What makes OpenMythos worth reading is that it translates a research hypothesis into code instead of treating the architecture as a slide deck. The implementation exposes attention modes, MoE routing, recurrence depth, and stability checks as first-class knobs, which makes it useful for ablation work, architecture comparisons, and model behavior experiments.

Quick Overview

AttributeDetails
TypeLLM Research Frameworks
Best ForML researchers, AI engineers, and CTOs
Language/StackPython, PyTorch, CUDA, FlashAttention 2
LicenseN/A (not stated in the scraped page)
GitHub StarsN/A as of Feb 2026
PricingOpen-Source
Last ReleaseN/A

Who Should Use OpenMythos?

  • Research engineers comparing standard decoder-only transformers against recurrent-depth designs, because OpenMythos exposes the loop count, injection path, and attention backend directly in config.
  • ML platform teams that need a PyTorch-native reference implementation for MoE and attention experiments, especially if they already run torchrun, DDP, and sharded datasets.
  • Indie AI founders who want to prototype adaptive-compute reasoning ideas without waiting for a managed vendor API or a closed model release.
  • Architecture tinkerers validating whether MLA, GQA, and sparse expert routing change memory use or output quality under controlled settings.

Not ideal for:

  • Teams that want a drop-in production model with pretrained weights, support SLAs, and turnkey hosting.
  • Apps that need a simple inference wrapper and no interest in architecture research or training code.
  • GPU-constrained users who cannot satisfy CUDA and build-tool requirements for the optional Flash Attention path.

Key Features of OpenMythos

  • Three-stage Recurrent-Depth Transformer layout — OpenMythos splits computation into a Prelude, a looped Recurrent Block, and a Coda. That structure is the core experiment: the same hidden state can be refined across multiple passes instead of stacking a large number of unique layers.
  • Configurable loop depth — The recurrent block runs for n_loops up to max_loop_iters, which lets you test shallow and deep reasoning trajectories with the same parameter set. That is useful when you want to correlate loop count with output quality, latency, and memory use.
  • Switchable attention backendsattn_type toggles between mla and gqa, so the same model family can be evaluated under different attention layouts. The gqa path is paired with Flash Attention 2 when installed, and the code falls back to manual scaled dot-product attention if the package is absent.
  • Sparse MoE feed-forward path — The feed-forward stack uses routed experts plus shared experts through n_experts, n_shared_experts, and n_experts_per_tok. That gives the architecture compute-adaptive behavior without requiring every token to activate every expert.
  • Explicit recurrence stability checks — The model exposes injection parameters such as A and B, and the example code checks the spectral radius of A with torch.linalg.eigvals(A). That matters because recurrence can drift if the hidden-state update is unstable.
  • Scale presets from 1B to 1T — The repo includes named configs like mythos_1b, mythos_3b, mythos_10b, all the way to mythos_1t. Larger presets expand context to 1M tokens and output capacity to 128k, which makes the family interesting for long-context experiments.
  • Training script included — OpenMythos ships a dedicated training entrypoint for the 3B model on FineWeb-Edu. The script uses AdamW, linear warmup, cosine decay, PyTorch DDP, and bf16 on H100/A100, so you are not starting from a blank repo.
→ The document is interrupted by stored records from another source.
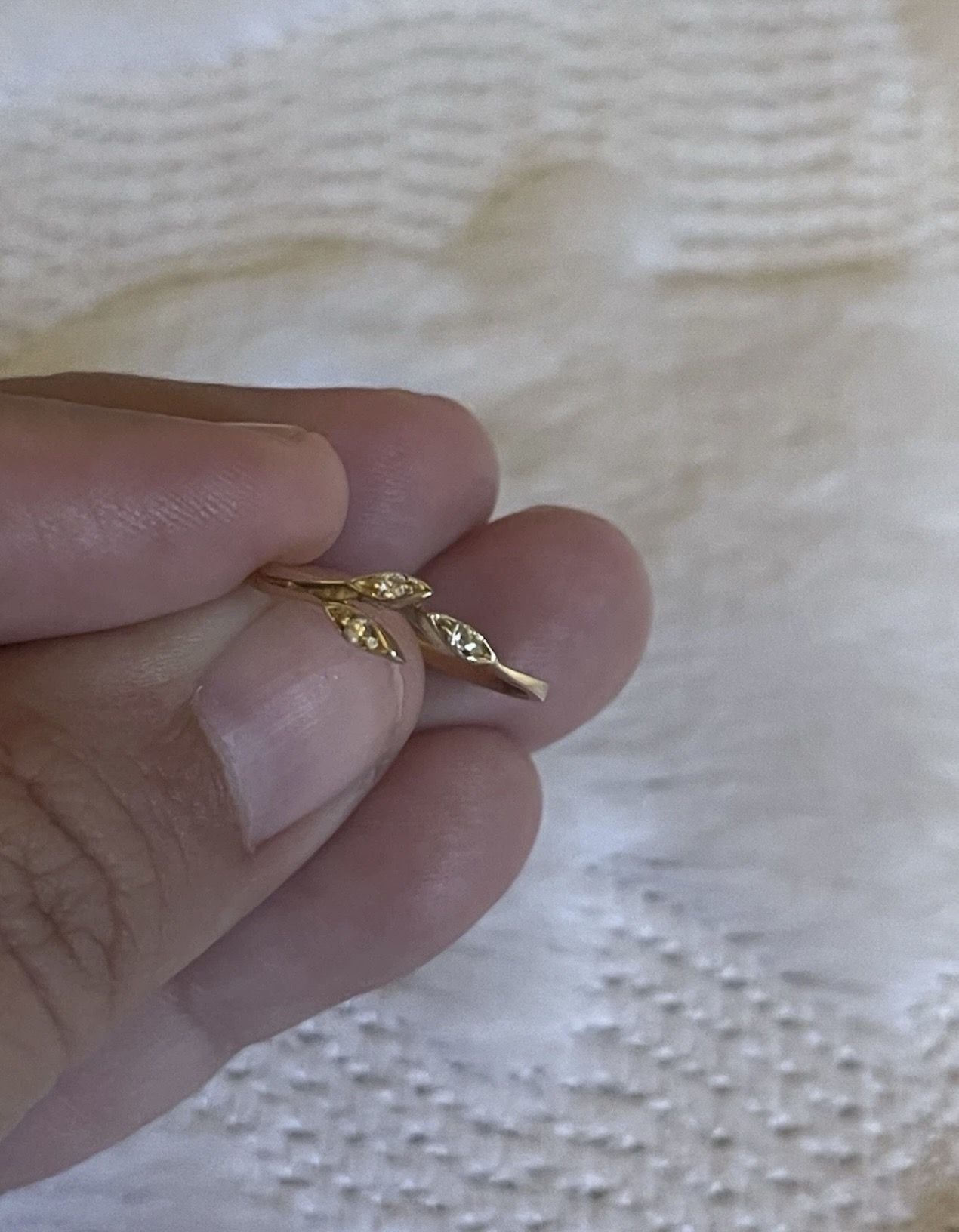 14k gold leaf design ring I’m selling my ring since I don’t use it and it doesn’t fit me I have no idea about the size Send offers and I’ll see if I like the price
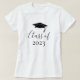 Camiseta branca moderna e simples, com legenda, classe 23, com uma torre superior para efeito adicionado.
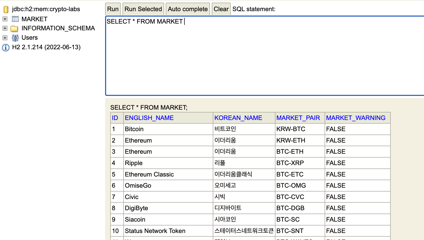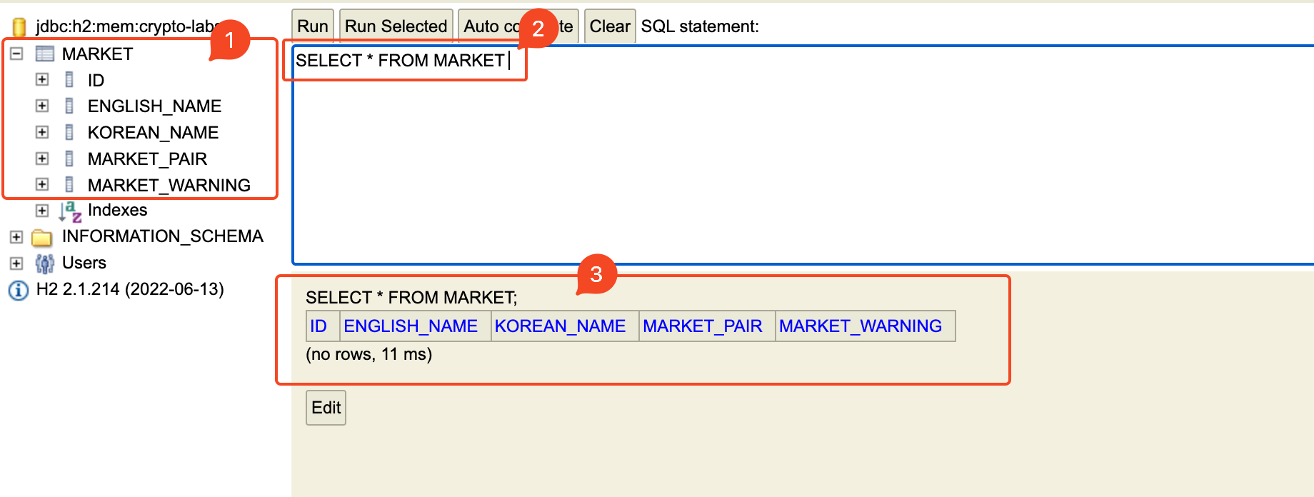 1) h2-console 로 접근을 하면 MARKET 이라는 테이블이 이미 생성되어 있는 것을 확인할 수 있다. 컬럼도 엔티티에서 정의한대로 잘 생성되어 있다. 2) SELECT문을 활용하여 데이터를 조회해보면 바로 아래에 해당 조회에 대한 결과가 노출된다. 3) 아직 데이터를 넣지 않았기 때문에 아무런 데이터가 없다.
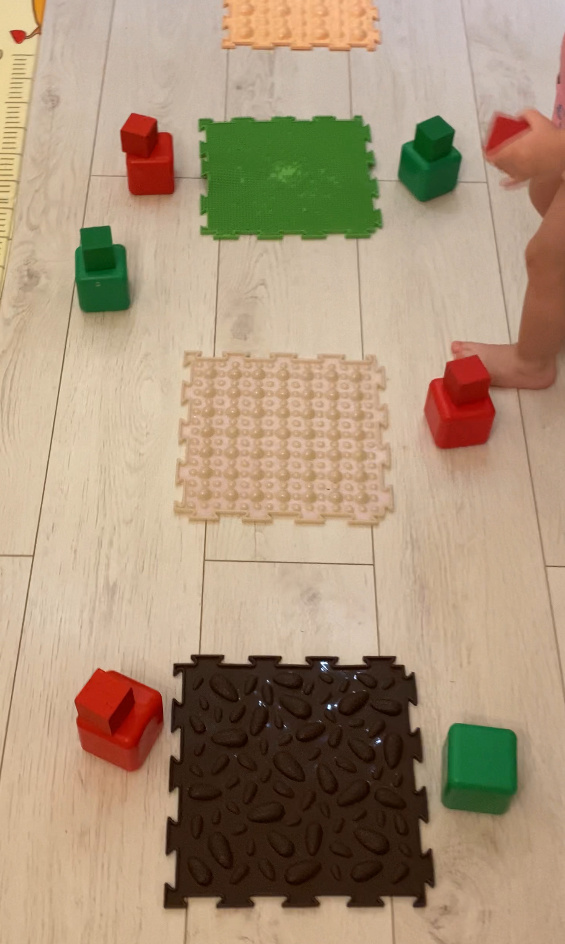 3) рассаживаем фигурки животных на кубики («поставь жирафа на синий кубик» и т.д) Вместо фигурок можем задействовать помпоны, пластелин и всё, что есть разноцветного под рукой (даже носки, например😊)
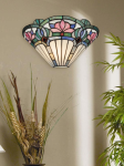 The understated elegance of our Windham wall sconce will add a touch of grace to any room in your home or office. The gently scalloped uplit shade features a base of creamy natural art glass panels. An alternating band of pastel pink and blue flowers and shells runs around the top edge of the shade. Vertical panels of the same pink and blue are placed at intervals throughout the shade. A band of blue-green, with fan insets at the point of each scallop runs along the top edge. Jewels in complementary colors are scattered throughout, adding extra sparkle and texture. The shade hangs from a white metal base. A lovely choice hung alone in an entryway or in multiples in a hallway, Windham’s ethereal beauty is the perfect finishing touch to any decor style.
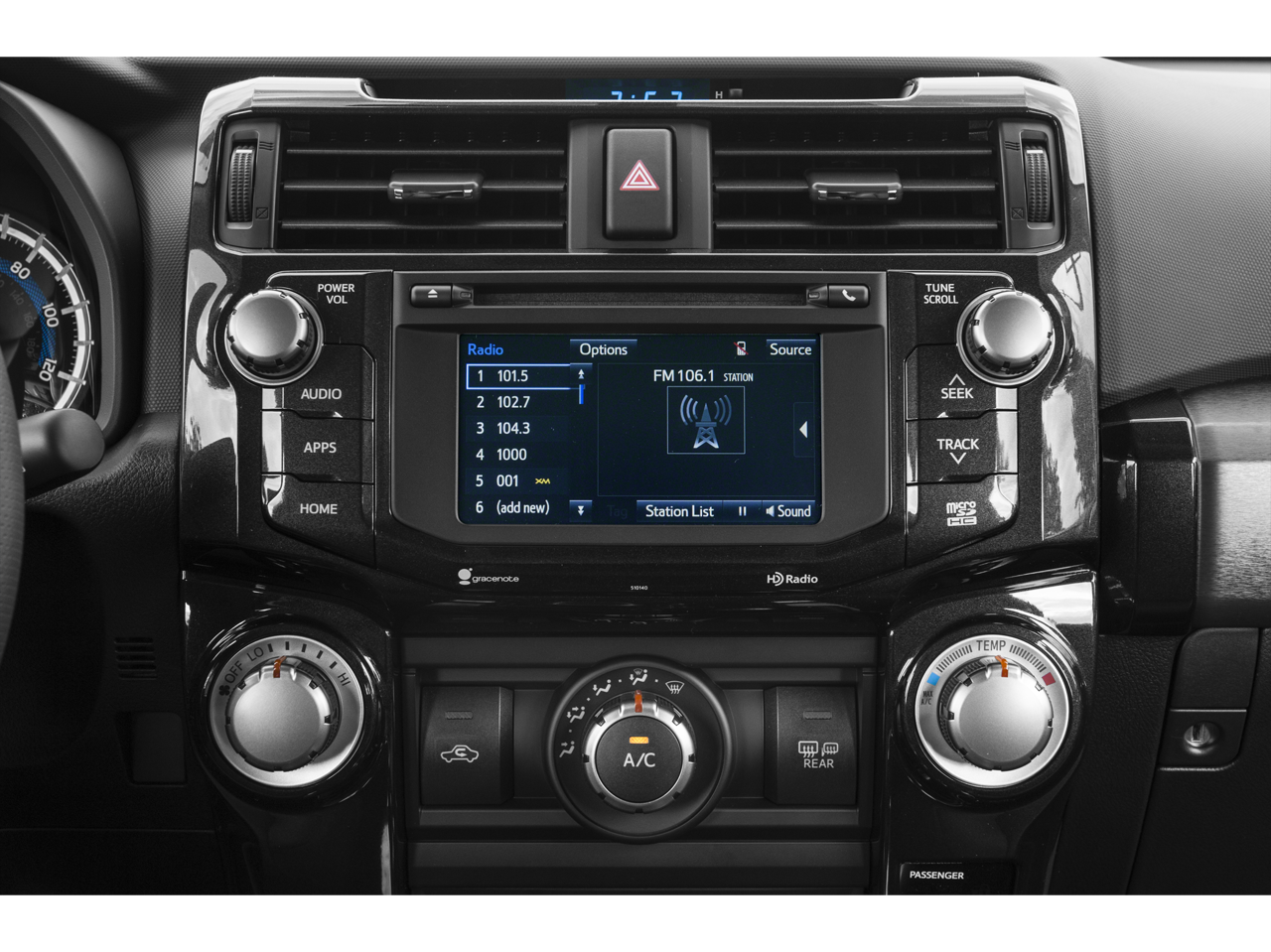 - Radio: Entune Premium Audio w/Navigation -inc: Entune App Suite, 6.1" high-resolution touch-screen w/split-screen display, AM/FM cache radio, HD Radio, CD player, 8-speakers, auxiliary port, USB 2.0 port w/iPod connectivity and control, advanced voice recognition, hands-free phone capability, phone book access and music streaming via Bluetooth® wireless technology, Siri Eyes Free, HD Radio predictive traffic and Doppler weather overlay and SiriusXM satellite radio w/3-month all access trial Access to Entune services is subscription free. See toyota.com/entune for details.
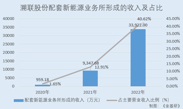 据招股书,2020-2022年,溯联股份配套新能源业务所形成的销售收入分别为959.18万元、9,347.68万元、33,922.00万元,占主营业务收入的比例分别为1.65%、12.91%、40.62%。

OpenMythos vs Alternatives

ToolBest ForKey DifferentiatorPricing
OpenMythosRecurrent-depth transformer researchExplicit Prelude / Recurrent Block / Coda design with MLA or GQA and MoE routingOpen-Source
Open R1Reasoning-focused model training and experimentsBetter suited to reasoning and reinforcement research than architecture reconstructionOpen-Source
OpenSwarmMulti-agent orchestrationUseful when the workflow is about coordinating agents, not inspecting model internalsOpen-Source
TransformersGeneral-purpose model training and inferenceMature ecosystem, broad model support, and production-ready integration surfaceOpen-Source

Pick Open R1 when your goal is to optimize reasoning behavior, training recipes, or post-training workflows rather than inspect a new model topology. Pick OpenSwarm when the problem is orchestration across multiple agents, tools, or tasks, because OpenMythos stays focused on the internals of a single recurrent model.

Use standard Transformers when you want a well-known baseline, a huge model zoo, and minimal friction for deployment or benchmarking. OpenMythos is the better fit when the question is architectural: does looping the same block multiple times change compute, memory, or reasoning quality?

How OpenMythos Works

OpenMythos turns the recurrent-depth hypothesis into a concrete data path. Input tokens go through a Prelude that builds the base hidden representation once, then the Recurrent Block reprocesses that state for multiple iterations, and finally the Coda resolves the result into logits; the key idea is that the model reuses weights instead of growing depth with unique layers.

The recurrent update is written as h_{t+1} = A·h_t + B·e + Transformer(h_t, e), where h_t is the current hidden state and e is the encoded input injected from the Prelude. That injection is the reason the recurrence does not lose the original prompt signal, and it is also why the example checks the spectral radius of A before trusting the run.

Attention and expert routing are the two other design decisions that matter. mla and gqa let you compare memory and compute trade-offs, while the sparse MoE feed-forward path activates only a subset of experts per token, which is the main reason the family can scale in a compute-adaptive way.

import torch
from open_mythos.main import OpenMythos, MythosConfig

cfg = MythosConfig(
    vocab_size=1000,
    dim=256,
    n_heads=8,
    max_seq_len=128,
    max_loop_iters=4,
    prelude_layers=1,
    coda_layers=1,
    n_experts=8,
    n_shared_experts=1,
    n_experts_per_tok=2,
    expert_dim=64,
    lora_rank=8,
    attn_type='gqa',
    n_kv_heads=2,
)

model = OpenMythos(cfg)
ids = torch.randint(0, cfg.vocab_size, (2, 16))
logits = model(ids, n_loops=4)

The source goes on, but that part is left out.